BibFetcher
Fetching BibTex from dblp with Title/Author Information Automatically.
Why?
Most researchers find it tedious to manually maintain a bibliography file when writing academic papers (at least my colleagues and I do). In particular, it requires frequent switching between the text editor, e.g., Overleaf, and the online database, e.g., DBLP, to search for bibliography, with lots of clicking, copying and pasting. These repetitive operations are really time-consuming and unbearable. So why don’t we automate this process? Just hand it over to the computer, and then we can focus on writing or even enjoy a coffee break! This is exactly what BibFetcher does.
What?
So, what specifically do we want BibFetcher to do? A coarse feature list is as follows:
- Automated Bibliography Retrieval: Automatically fetch entries from online databases such as DBLP.
- Customized Import: Allow users to import their bibliography in editors with specified citation keys.
- Export Options: Provide options to export the bibliography in various formats for different document types.
- Error Handling: Handle errors when a paper cannot be found or when there are missing fields.
- Integration with Editors: Integrate with editors to insert bibliography directly into the document.
- User Interface: Offer a user-friendly interface that is intuitive to use and navigate.
This project focuses on the core features (1~4) and leaves the additional ones (5 and 6) for future work.
How?
Now, the question arises: how do we implement these features? Let’s regard this as a function: \(f(x) \rightarrow y\), then deal with it step by step:
Step 1. Define the input \(x\)
Specifically, we define the input as a json dict:
{
"citationkey": "title [author]"
}
The citationkey
is used to specify index of references, enabling quick autocompletion in editors to browse references. The title
is necessary for searching for the desired paper, while the author
is optional and works only when addressing papers with highly similar titles.

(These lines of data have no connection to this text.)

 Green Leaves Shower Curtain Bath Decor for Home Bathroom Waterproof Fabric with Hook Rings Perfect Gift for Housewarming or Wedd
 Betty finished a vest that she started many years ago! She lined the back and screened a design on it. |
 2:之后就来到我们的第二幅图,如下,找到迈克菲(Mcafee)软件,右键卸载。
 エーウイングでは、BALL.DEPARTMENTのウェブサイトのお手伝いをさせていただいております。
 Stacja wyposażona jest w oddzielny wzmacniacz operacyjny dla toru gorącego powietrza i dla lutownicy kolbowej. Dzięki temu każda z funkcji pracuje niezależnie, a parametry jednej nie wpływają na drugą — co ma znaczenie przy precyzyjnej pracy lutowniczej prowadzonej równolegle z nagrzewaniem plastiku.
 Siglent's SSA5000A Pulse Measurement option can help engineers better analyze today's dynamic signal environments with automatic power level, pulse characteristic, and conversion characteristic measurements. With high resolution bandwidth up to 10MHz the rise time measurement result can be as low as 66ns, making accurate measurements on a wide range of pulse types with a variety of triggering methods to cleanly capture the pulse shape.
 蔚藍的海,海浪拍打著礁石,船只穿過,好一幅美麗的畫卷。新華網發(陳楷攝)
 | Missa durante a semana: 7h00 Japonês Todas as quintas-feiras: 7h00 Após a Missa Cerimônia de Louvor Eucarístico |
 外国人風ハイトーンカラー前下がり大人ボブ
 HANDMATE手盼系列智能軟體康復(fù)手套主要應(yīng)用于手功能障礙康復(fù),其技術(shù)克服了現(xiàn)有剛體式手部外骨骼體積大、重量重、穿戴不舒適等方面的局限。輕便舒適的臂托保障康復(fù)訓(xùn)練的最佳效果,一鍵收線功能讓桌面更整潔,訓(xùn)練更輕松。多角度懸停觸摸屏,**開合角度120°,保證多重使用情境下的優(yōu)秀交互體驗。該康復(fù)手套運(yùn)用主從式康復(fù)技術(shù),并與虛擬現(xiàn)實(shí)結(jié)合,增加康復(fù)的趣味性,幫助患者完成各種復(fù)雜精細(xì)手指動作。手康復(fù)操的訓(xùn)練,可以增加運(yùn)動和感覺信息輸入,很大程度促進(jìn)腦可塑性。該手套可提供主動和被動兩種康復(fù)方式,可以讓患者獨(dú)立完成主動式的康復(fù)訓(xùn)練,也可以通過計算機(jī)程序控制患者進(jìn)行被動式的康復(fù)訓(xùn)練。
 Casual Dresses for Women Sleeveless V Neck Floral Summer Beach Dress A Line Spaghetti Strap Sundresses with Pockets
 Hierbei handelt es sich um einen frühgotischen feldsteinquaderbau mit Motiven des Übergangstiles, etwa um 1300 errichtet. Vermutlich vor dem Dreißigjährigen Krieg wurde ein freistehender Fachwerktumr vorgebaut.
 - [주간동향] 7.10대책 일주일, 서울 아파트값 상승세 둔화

Step 2. Define the output \(y\)
DBLP stores several different types of publications:
Here we are mainly interested in the following three types:
class PubType(Enum):
PROCEEDING = 'Conference and Workshop Papers'
JOURNAL = 'Journal Articles'
ARXIV = 'Informal and Other Publications'
We define the output as a BibEntry
object with the necessary bibliography fields for each type of publications as follows:
bib_item_dict = {
PubType.PROCEEDING: ['author', 'title', 'booktitle', 'pages', 'address', 'year'],
PubType.JOURNAL: ['author', 'title', 'journal', 'volume', 'number', 'pages', 'year'],
PubType.ARXIV: ['author', 'title', 'journal', 'volume', 'year']
}
Step 3. Implement the funtion \(f(\cdot)\)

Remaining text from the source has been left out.